Heidbreder references the fact that "everyone has grown as people. That helps. With time and perspective, even if you fall into those same old habits and reactions, you have some grown-up safety built into it. You're not seventeen or eighteen anymore. You can have different takes on things, even things that bother you, but the way it's dealt with, processed and handled shows our maturity level. There's still bitching and bickering over petty things. Of course there is, it's still a band."

Heidbreder notes that something keeping the group focused on putting together the best show possible is the fact that fans will be coming from around the country — and, in a few cases, from around the world — to catch what may be in the last show they do and almost certainly the last they do with the inspired notion of all three drummers taking active part.

"I don't know that we ever gave it a proper goodbye," he says. "And while you never say never, it'll be nice to pay respect to what we did in the past. We're doing this for all the right reasons, while everyone's healthy and able. For everyone to be available was an opportunity we couldn't pass up."

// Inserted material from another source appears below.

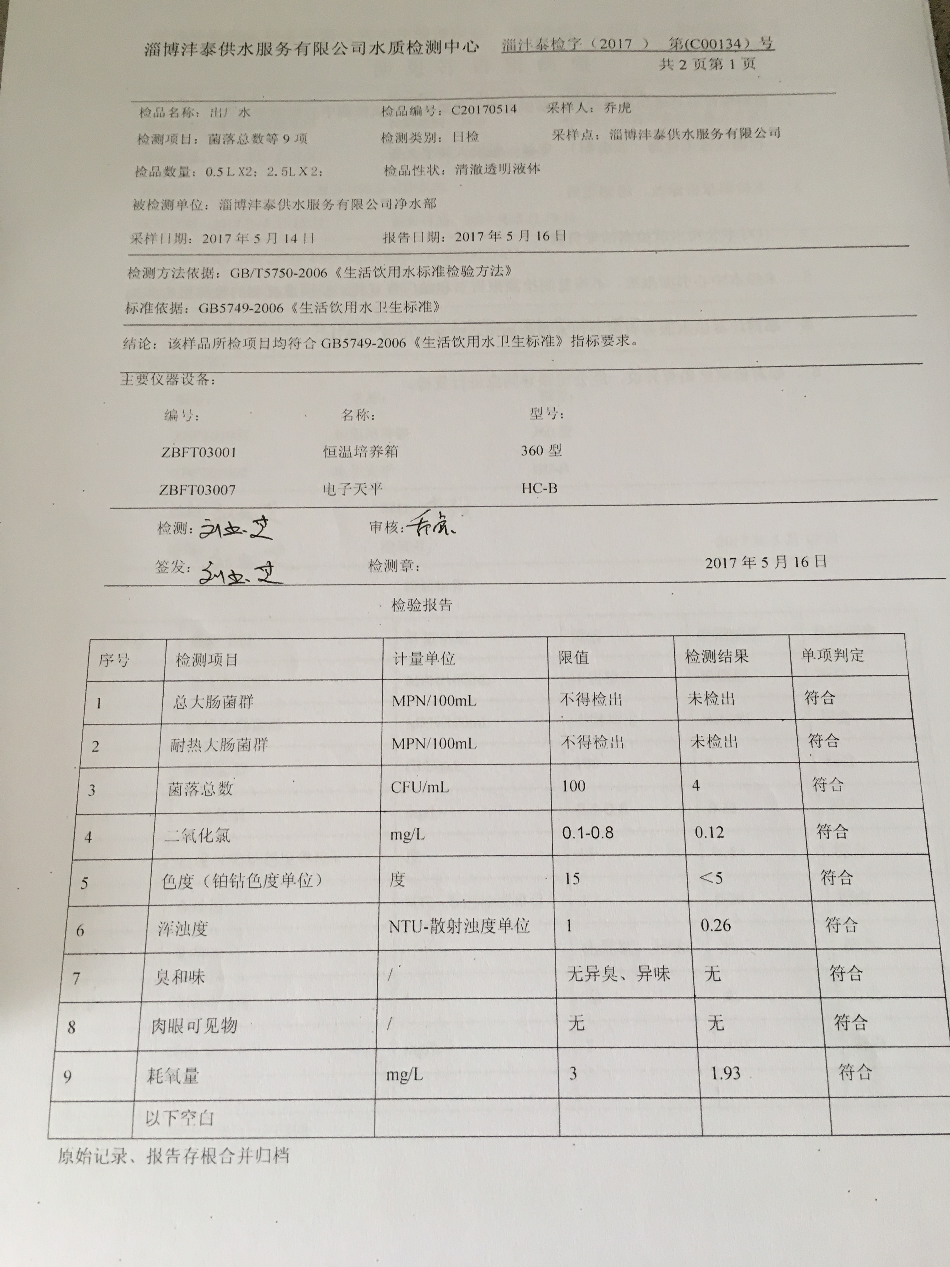 淄博灃泰供水服務(wù)有限公司水質(zhì)檢測(cè)日?qǐng)?bào)表

To Nardi, an interesting piece of this puzzle is also rooted in the fact that Anacrusis ended somewhat suddenly, without any single, big bang moment of dissolution.

"We had continued to push ourselves forward with each album, and by the time we recorded Screams and Whispers, we had definitely developed our own style," he says. "However, I was never big on repeating myself, musically speaking, so I was always thinking of what we could do to expand even more. I had drifted away from metal music and had gravitated more and more toward bands like the Cure and Joy Division. We were always able to draw from our non-metal influences without being too obvious about it, but I really was not feeling particularly inspired to continue doing what we had been doing.

"By 1993, it was clear that something had to break," he adds. "We were fighting over everything from the label to management to just about everything else you can think of. By the time we had done the European tour with Death, I remember thinking it was odd because I didn't have a single riff or song or even thought of new music for another Anacrusis album. We always had a few things in the works that would ultimately guide us in whatever direction we'd end up going for another album, but not then. There was nothing."

To a large degree, though, all of that history's an aside to a one-off gig that they intend to be "an Anacrusis fan's dream" show.

"Of course," Nardi says, "looking back, I am proud of what we created together. And it's nice to see our music 'officially' made available to the world again."